@hiskennyness all very interesting. ive personally been refreshed the last year working in a bigger community (R), which i imagine is kind of similar to JS world in that individual programming experience approaches zero since the community is growing so fast
and so there are plenty of opportunities to foist weird ideas 😬
@thedavidmeister And now all the React+Redux people have to switch to Relay/GraphQL. What happened to “we do not tell you how to manage state”? I am also hearing interesting noises about not allowing business logic on the client. Is Facebook about to discover Rails? btw, server-side everything is how I got started in web programming, with Common Lisp driving qooxdoo. There’s nothing new under the sun.
hmmm
i'm looking at less server >.<
i'm just contrary
i guess in a sense the whole SPA thing is an efficiency hack... reduce latency by reducing server/client interaction to business-level protocol
hmm
i feel like server is a hack
because our "web" doesn't have a good p2p model yet
seems like the applicability of p2p depends on the type of app
maybe?
like in amazon's case... there's really only one source of truth about how many copies of a book they have in the warehouse
Ah, but as we data flowers know, the point sensitivity lets us minimize round trips. But yeah, no round trips has an edge.
I think “business logic on the client” is just another hogoblin to scare the kiddies, myself. The app is gonna go somewhere, and wherever it goes I control the code.
but why does amazon need a server with business logic to store data about the number of books they have?

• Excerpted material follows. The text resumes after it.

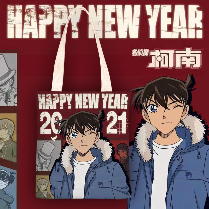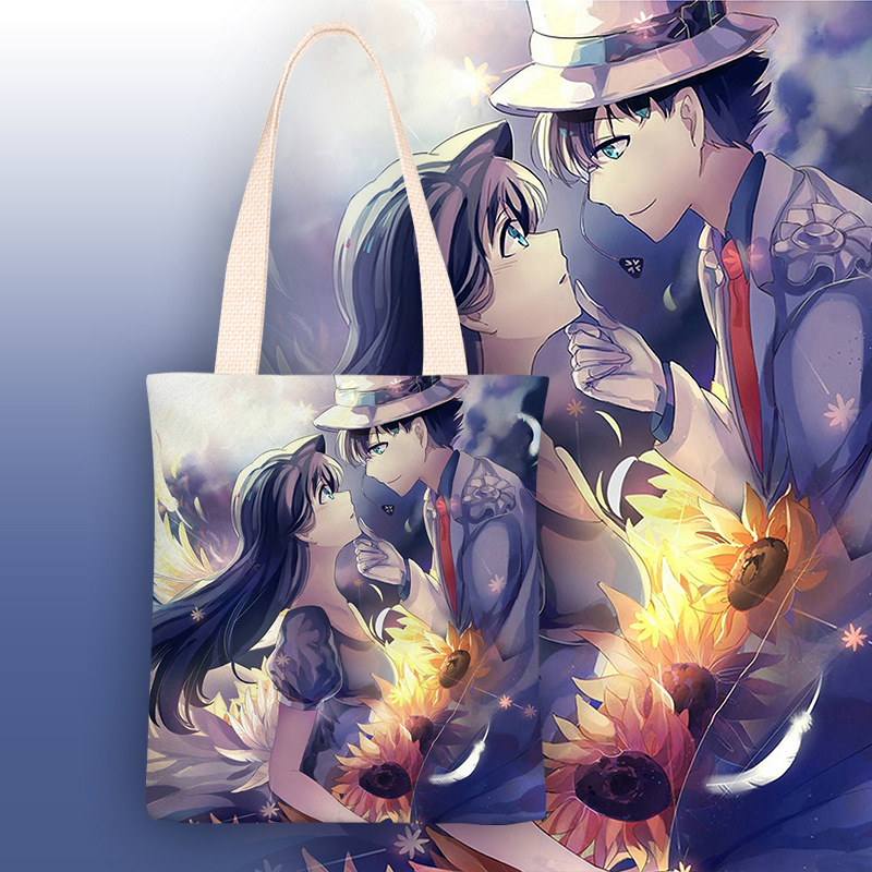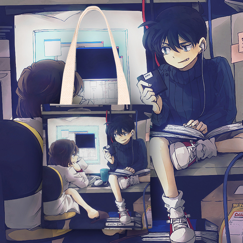 코난 애니메이션, 신선한 스타일 캔버스 가방 여성 싱글 어깨 간단한 학생 클래스 가방 여성의 2024 가을과 겨울 새로운스토어 가기

i guess there is a category of things you cant do without building state javascript. like autocomplete. and so it would require changes to the browser model to remove all js/state from the client
“Minimize” is the wrong word. We get more roundtrips but with tiny payloads.
totally
there's things that you need "client" for
@thedavidmeister because only they know when books have been shipped, and shipping is transactional
the list of things you need "server" for gets a little shorter every year
that's just auth logic though
and yes, i agree that currently auth is something servers are still needed for
i can imagine an applicaiton-level http reverse proxy tracking sessions and sending structural diffs at the http level, with some kind of browser support
and all the session state is in a server-side db, with something like lambda functions doing the logic
i can imagine FB et al wanting to do this to be able to ship very minimal clients. so they don't need to worry as much about updating apps
not that this would be good for every app tho. since supporting the idea requires buy-in across every level
vs. the current spa situation which is, we need an http server that can send and receive json
this is something being worked on though
did you see my article on holochain?
they're looking at spas that are less server-y
i imagine things like webassembly will bring new stuff too
waves hands
if your SPA framework has to retreat to the server to get shit done, that's not the best sign 😕
oh, i'm not saying we should do like they're doing lol
just that the economies of FB and goog are weird and inscrutable. but if i try hard i feel like i can imagine why they would be doing things
haha yeah
webcomponents btw
so weird
they still claim they're the future but the spec has been in turmoil for many years now
honestly i'm pretty happy
i have an abstraction for the DOM that looks like HTML
the turmoil stresses me out
yeah what we have was and is still really good i think
not stressin' either 😄
FOMO
i learned this recently, it's the term lol
am i supposed to be learning a new framework or programming paradigm right now
oh yes i know all about FOMO haha
i'm too old to be relearning basic HTML every year 😞
but i get FOMO for other things for sure
I think I have proven that they can shut down the Web components initiative. That was looking a tad scary/convoluted. Just Write Functions(tm)!